The Group executed the Program in two equal tranches. It entered into an
irrevocable non-discretionary instruction with Jefferies International Limited
("Jefferies") in relation to the purchase by Jefferies of the ordinary shares
for an aggregate consideration (excluding expenses) of no greater than $25,000
for each tranche and the simultaneous on-sale of such ordinary shares by
Jefferies to the Group, subject to certain volume and price restrictions.

In February 2024, the Group completed the Program and has repurchased an
aggregate of 20,182,863 ordinary shares under the Program. These shares have
been held as treasury shares and are being used to settle the vesting of
restricted stock units or exercise of stock options.

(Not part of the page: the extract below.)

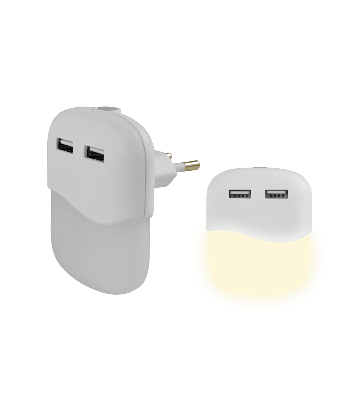 PILOTO LUZ NOCTURNA LED CON SENSOR CREPUSCULAR 2 USB 2A 0.5W 3000K CUADRADO BLANCO

In March 2024, the Group announced a proposed capital return of $100,000 to
its shareholders by way of a tender offer (the "Tender Offer"). The proposed
Tender Offer was approved by shareholders at the Annual General Meeting of
Stockholders held on June 6, 2024, to acquire a maximum number of 33,500,000
ordinary shares (including ordinary shares represented by American Depository
Shares ("ADSs")) for a fixed price of 250 pence per ordinary share (equivalent
to £25.00 per ADS) for a maximum aggregate amount of $100,000 excluding
expenses.

The Tender Offer was completed on June 24, 2024. The Group repurchased
31,540,670 ordinary shares under the Tender Offer. Following such repurchase,
the Group cancelled these shares repurchased. As a result of the cancellation,
the nominal value of $600 related to the cancelled shares was reduced from
share capital and transferred to a capital redemption reserve, increasing the
capital redemption reserve balance to $600 which was included in other reserve
in the Parent Company Statement of Changes in Equity.

 

4. Intercompany payables

The Parent had a balance due to its operating subsidiary PureTech LLC of
$27,650 as of December 31, 2024, which is related to IPO costs and operating
expenses. These intercompany payables do not bear any interest and are
repayable upon demand.

 

5. Profit and loss account

As permitted by Section 408 of the Companies Act 2006, the Parent's profit and
loss account has not been included in these financial statements. The Parent's
net income for the year was $107,421.

During the year ended December 31, 2024, the Parent recorded income of
$110,500 in respect of dividend received from its subsidiary.

 

6. Directors' remuneration, employee information and share-based payments

The remuneration of the executive Directors of the Parent company is disclosed
in Note 26. Related Parties Transactions, of the Group's Consolidated
Financial Statements. Full details of Directors' remuneration can be found in
the audited sections of the Directors' Remuneration Report. Full detail of the
share-based payment charge and the related disclosures can be found in Note
10. Share-based Payments, of the Group's Consolidated Financial Statements.

The Parent had no employees during 2024 or 2023.